Start of PROVIDED RECORDS

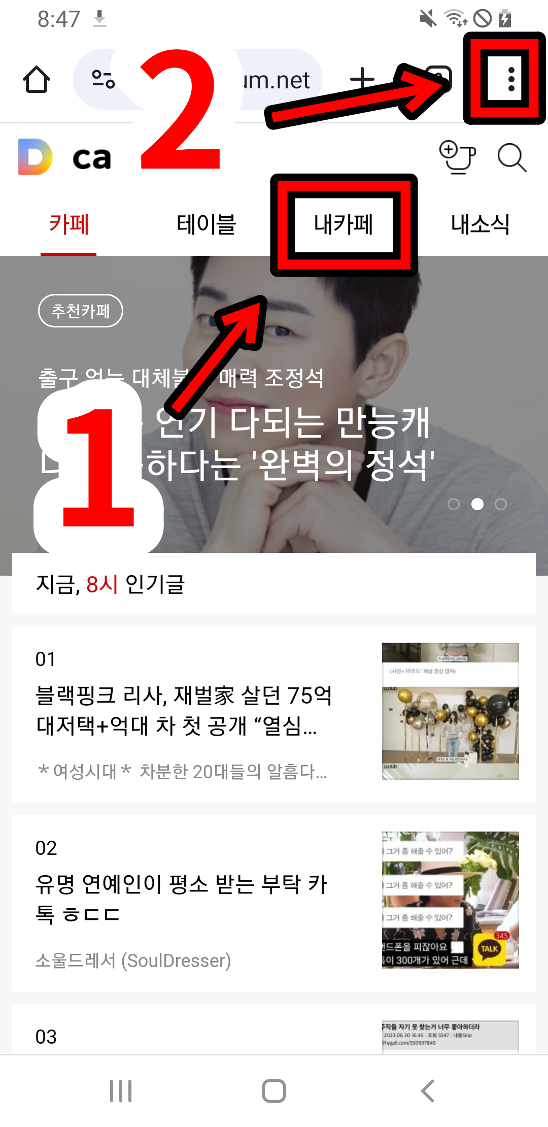 먼저 인터넷 홈화면에 기본적으로 깔려져 있는 앱을 클릭하세요. 그리고 검색창에 m.cafe.daum.net 입력해서 들어가신 '다음 내카페'를 클릭해서 이동해주세요. 그리고 우측상단 점 3개를 눌러서 설정을 열어주세요.
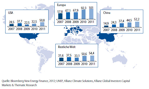 Erneuerbare Energien werden künftig eine Schlüsselrolle in der Energieversorgung spielen. Davon sind Matthias Jäger, Head Risk Advisory & Services und Matthias Brand, Senior Analyst bei Allianz Climate Solutions, dem Kompetenzzentrum der Allianz-Gruppe für erneuerbare Energien, überzeugt. Allein im Jahr 2011 seien Neuinvestitionen von über 200 Milliarden US-Dollar in Europa, den USA und China getätigt worden, schreiben sie in ihrer aktuellen Studie „Erneuerbare Energien – Investieren gegen den Klimawandel“. Zukünftig sollten auch Indien und Brasilien stärker in den Fokus der Investoren rücken.
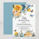 70th birthday party invitation with beautiful yellow and dusty blue roses with cream-coloured floral and butterflies. These invitations can be customised for anyone of any age. Contact me for assistance with your customisations or to request additional matching or coordinating Zazzle products for your celebration.
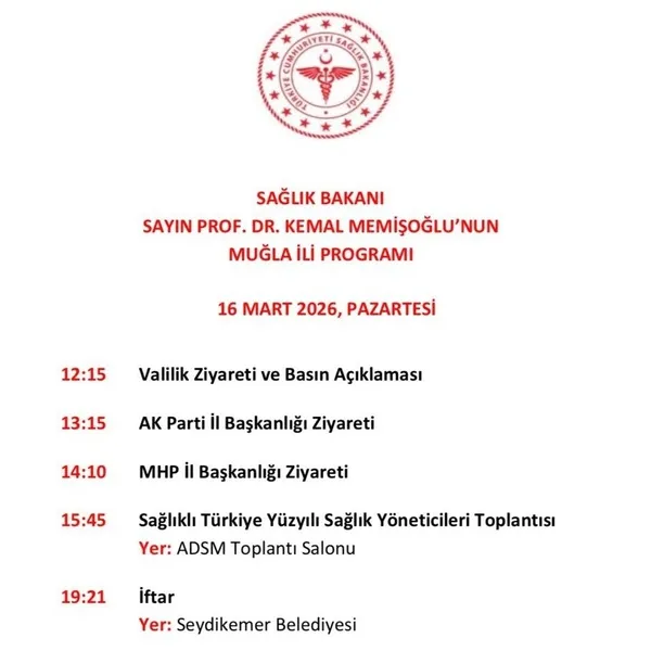 Sağlık Bakanı Prof. Dr. Kemal Memişoğlu'nun 16 Mart 2026 Pazartesi günü Muğla'da gerçekleştireceği program belli oldu.
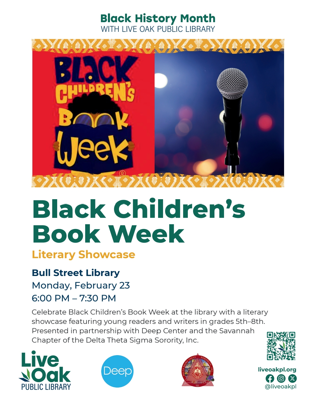 Bull Street Library 2002 Bull St,, SavannahJoin Live Oak Public Library in celebrating Black History Month with a special Black Children’s Book Week Literary Showcase at the Bull Street Library! This inspiring event will feature young readers and writers in grades 5th–8th, highlighting the power of storytelling and youth voices in our community. 📍 Bull Street Library📅 Monday, February 23🕕 6:00 […]
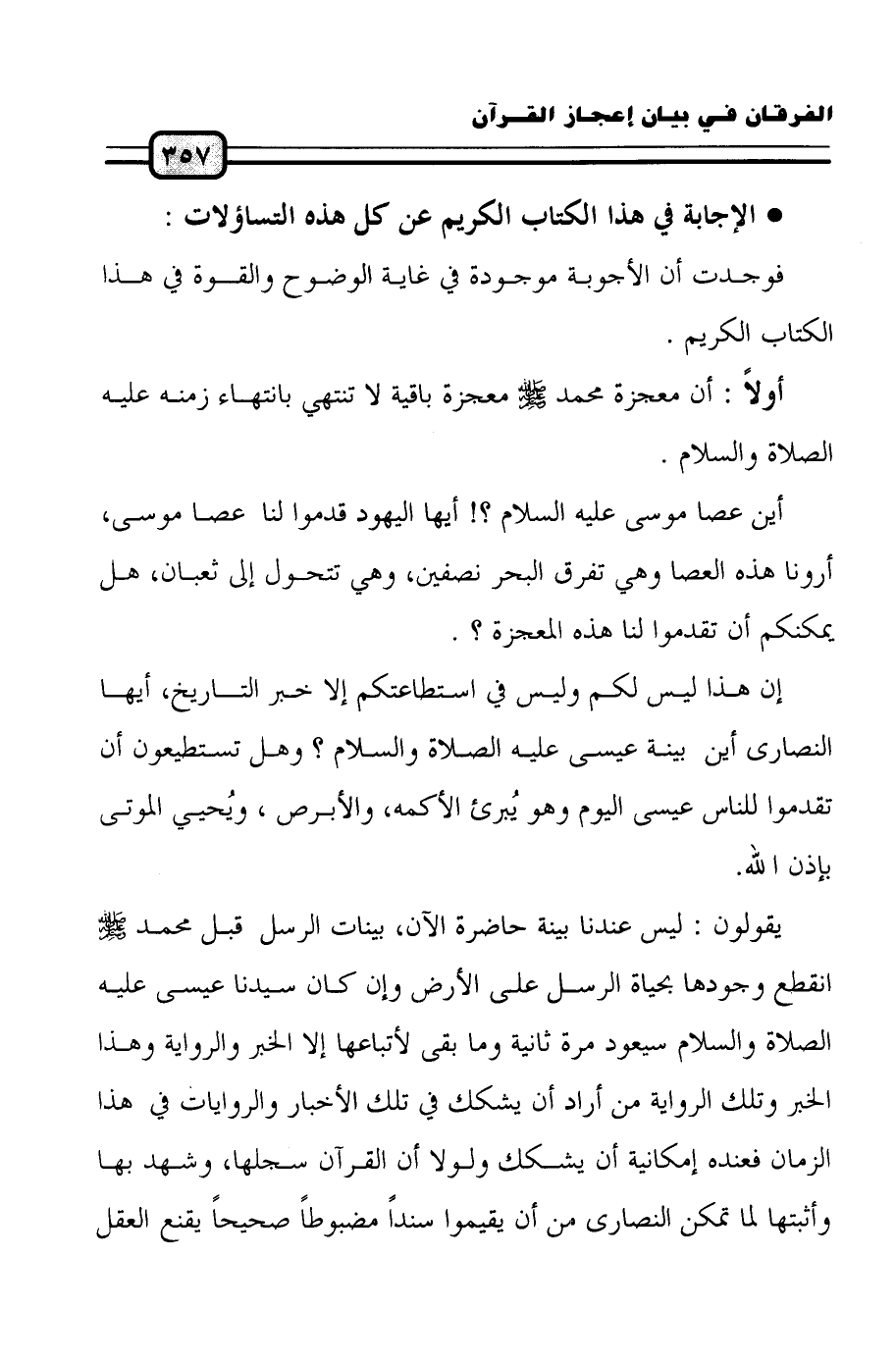 أولاً: أن معجزة محمد صلى الله عليه وسلم باقية لا تنتهي بانتهاء زمنه عليه الصلاة والسلام.
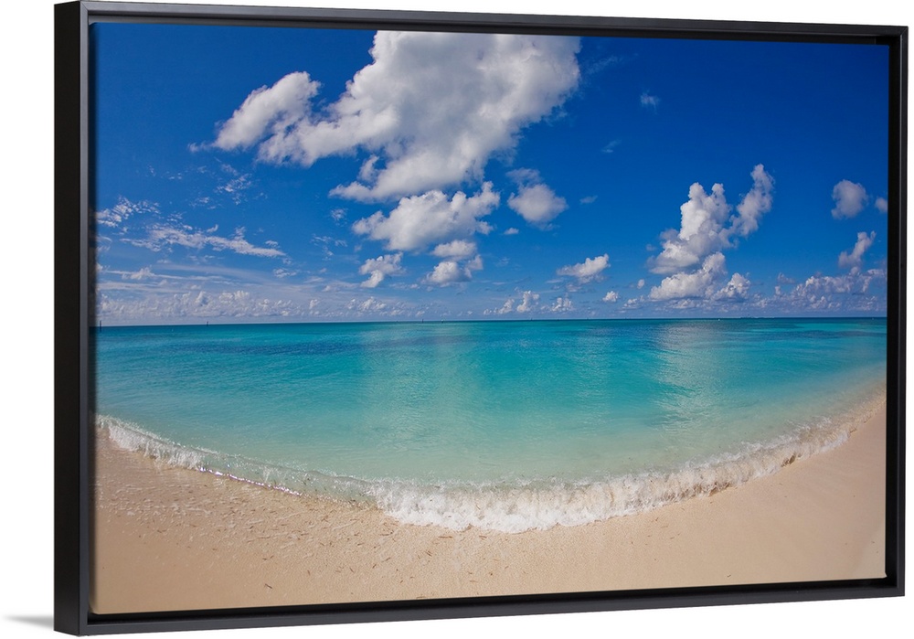 <p>Perfect beach day with blue skies, clear water, puffy white clouds.</p>

End of PROVIDED RECORDS

### EXERCISE BRIEF
Quote all of the entries word for word, omitting any pictures.

### SOLUTION TO THE PROBLEM
 먼저 인터넷 홈화면에 기본적으로 깔려져 있는 앱을 클릭하세요. 그리고 검색창에 m.cafe.daum.net 입력해서 들어가신 '다음 내카페'를 클릭해서 이동해주세요. 그리고 우측상단 점 3개를 눌러서 설정을 열어주세요.
 Erneuerbare Energien werden künftig eine Schlüsselrolle in der Energieversorgung spielen. Davon sind Matthias Jäger, Head Risk Advisory & Services und Matthias Brand, Senior Analyst bei Allianz Climate Solutions, dem Kompetenzzentrum der Allianz-Gruppe für erneuerbare Energien, überzeugt. Allein im Jahr 2011 seien Neuinvestitionen von über 200 Milliarden US-Dollar in Europa, den USA und China getätigt worden, schreiben sie in ihrer aktuellen Studie „Erneuerbare Energien – Investieren gegen den Klimawandel“. Zukünftig sollten auch Indien und Brasilien stärker in den Fokus der Investoren rücken.
 70th birthday party invitation with beautiful yellow and dusty blue roses with cream-coloured floral and butterflies. These invitations can be customised for anyone of any age. Contact me for assistance with your customisations or to request additional matching or coordinating Zazzle products for your celebration.
 Sağlık Bakanı Prof. Dr. Kemal Memişoğlu'nun 16 Mart 2026 Pazartesi günü Muğla'da gerçekleştireceği program belli oldu.
 Bull Street Library 2002 Bull St,, SavannahJoin Live Oak Public Library in celebrating Black History Month with a special Black Children’s Book Week Literary Showcase at the Bull Street Library! This inspiring event will feature young readers and writers in grades 5th–8th, highlighting the power of storytelling and youth voices in our community. 📍 Bull Street Library📅 Monday, February 23🕕 6:00 […]
 أولاً: أن معجزة محمد صلى الله عليه وسلم باقية لا تنتهي بانتهاء زمنه عليه الصلاة والسلام.
 <p>Perfect beach day with blue skies, clear water, puffy white clouds.</p>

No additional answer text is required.